Kenny stated “As a society, for many years we failed you,” he said in an unprecedented speech.
“We forgot you or, if we thought of you at all, we did so in untrue and offensive stereotypes.
“This is a national shame, for which I again say, I am deeply sorry and offer my full and heartfelt apologies.”
Mari’s mother, now known as Josephine Bassett, was one of the thousands of women who worked for years in the Magdalene laundries system before the last one closed in 1996. Her mother’s life, Steed says, is a kind of testament to the shadow side of Ireland and the deceitful tale it told itself of a kindly and compassionate social order.
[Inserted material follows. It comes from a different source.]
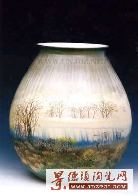 涂志浩的《晨曦》,充分運(yùn)用高溫顏色釉的千變?nèi)f化,并以低溫粉彩、新彩加強(qiáng)表現(xiàn)形式。他大膽運(yùn)用傳統(tǒng)的線,和陶瓷色彩相融合,表現(xiàn)對(duì)大自然的熱愛。作品上部米黃,淡黃釉呈絲狀下流。作品的中部畫上了幾棵大樹,幾隻鴛鴦,色彩處理的協(xié)調(diào)柔和,凸現(xiàn)晨曦的主題意境。粉彩、新彩的運(yùn)用使整個(gè)畫面充滿了朦朧、寂靜的情調(diào)

Steed has been to the forefront revealing the injustice and last week’s apology was welcome but her work is not over.
“My mother grew up alone knowing she had siblings and a mother but never having any contact with any of them,” Steed tells the Irish Voice.
“Why weren’t there services in place that could have allowed her access to her parent and siblings? That compassion just wasn’t there.”
Born out of wedlock in the early 1930s, Steed’s mother was placed in an industrial school, a brutal and brutalizing institution that often harmed the children it purported to help.
In 1947 she was then sent to the women’s laundry of Sunday's Well in Cork City. There she spent the next 10 years of her life doing sewing for no pay.
“Her work included tasks that ran from embroidery to stitching smock dresses, from sowing items for the clergy to altering surplices and other religious materials,” Steed said.
“And obviously there was profit being made on these items, but she was never paid for that.”
Steed’s mother is now 79, lives in Swindon, England and still has immense difficulty talking about her experiences.
“She was ashamed that her family had been thrown to the four winds. It seems to be true of a lot of survivors of the laundries,” says Steed.